:: WHAT IS NEEDED ::
Below are the records; give again exactly the lines from the one containing "Le schéma opérationnel" through the one containing "in the back", leaving out pictures.

:: THE INPUT ::
******************************

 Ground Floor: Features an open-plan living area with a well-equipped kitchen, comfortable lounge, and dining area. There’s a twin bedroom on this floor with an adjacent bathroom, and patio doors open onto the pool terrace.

******************************

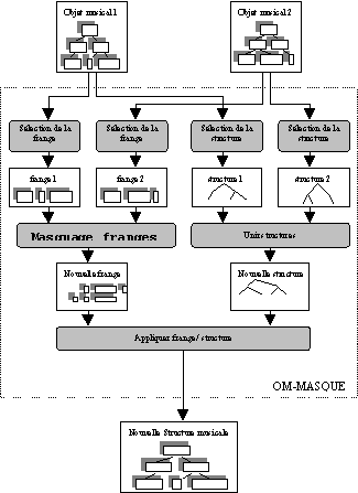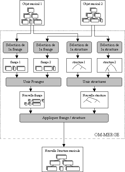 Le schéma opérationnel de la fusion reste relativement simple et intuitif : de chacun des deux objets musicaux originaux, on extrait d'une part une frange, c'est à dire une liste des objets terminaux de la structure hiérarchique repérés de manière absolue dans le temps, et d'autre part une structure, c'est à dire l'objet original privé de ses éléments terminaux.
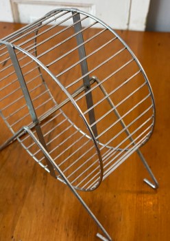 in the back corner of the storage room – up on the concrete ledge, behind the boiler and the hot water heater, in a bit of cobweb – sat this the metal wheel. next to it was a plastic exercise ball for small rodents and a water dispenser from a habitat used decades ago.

******************************

:: SOLUTION FOR THIS PROBLEM ::
 Le schéma opérationnel de la fusion reste relativement simple et intuitif : de chacun des deux objets musicaux originaux, on extrait d'une part une frange, c'est à dire une liste des objets terminaux de la structure hiérarchique repérés de manière absolue dans le temps, et d'autre part une structure, c'est à dire l'objet original privé de ses éléments terminaux.
 in the back corner of the storage room – up on the concrete ledge, behind the boiler and the hot water heater, in a bit of cobweb – sat this the metal wheel. next to it was a plastic exercise ball for small rodents and a water dispenser from a habitat used decades ago.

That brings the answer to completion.